Polygonum convolvulus L. - Black Bindweed

Polygonum convolvulus plant

Family - Polygonaceae

Stems - Twining, herbaceous, to +1m long, angled or ribbed, retrorse strigose on angles and ribs, often reddish in strong sun, branching, multiple from base.

Leaves - Alternate, petiolate. Petioles with a deep adaxial groove, retrorse strigose, to +2cm long. Blades sagittate, acute to acuminate, entire, glabrous, strigillose on the margins, to +4cm long, +3cm broad.

Polygonum convolvulus leaves

Inflorescence - Axillary and terminal flowers. Axillary flowers typically single or paired. Terminal flowers in bracteate racemes, in whorls of 4 at each node of the raceme, often subtended by reduced foliaceous bracts. Axis of racemes retrorse strigillose. Pedicels reddish in strong sun, 1-2mm long, mostly glabrous.

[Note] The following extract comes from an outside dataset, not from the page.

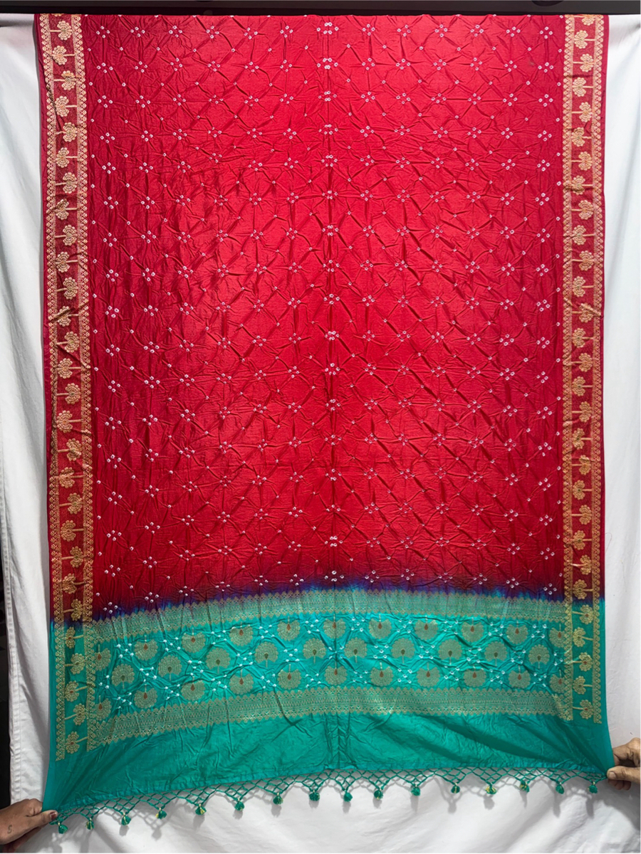 Hand Made Bandhani Saree Fabric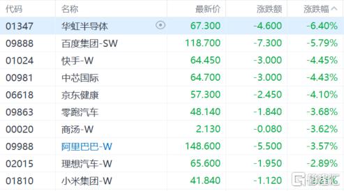 科技股下挫,华虹半导体跌超6%,百度集团跌超5%,快手、中芯国际、京东健康跌超4%,零跑汽车、商汤等跟跌。

Polygonum convolvulus inflorescence

Flowers - Perianth greenish and often with whitish or pinkish apical margins, quickly expanding in size to 4mm long (1-2mm in flower). Stamens 6-8. Anthers pinkish, bilobed, .3mm broad. Filaments short, white, glabrous, .5mm long. Ovary superior, green, glabrous, 3-angled, .7mm long in flower. Style short, green, glabrous, .1mm long. Stigma green, capitate, .1-.2mm broad. Seeds dull black but shiny on the angles, 3-angled, to 3mm long.

Polygonum convolvulus flowersFlowers.

Polygonum convolvulus seedsSeeds.

Flowering - May - September.

Habitat - Waste ground, disturbed sites, open woods, roadsides, railroads.

Origin - Native to Europe.

Other info. - This species can be found throughout Missouri and is becoming more common. It spreads very quickly.
The leaves and habit of the plant resembles those of the genus Convolvulus, hence the species epithet.
Steyermark wrote that natives used to grind the seeds and make flour.

Photographs taken off Hwy H, Shannon County, MO., 7-18-03.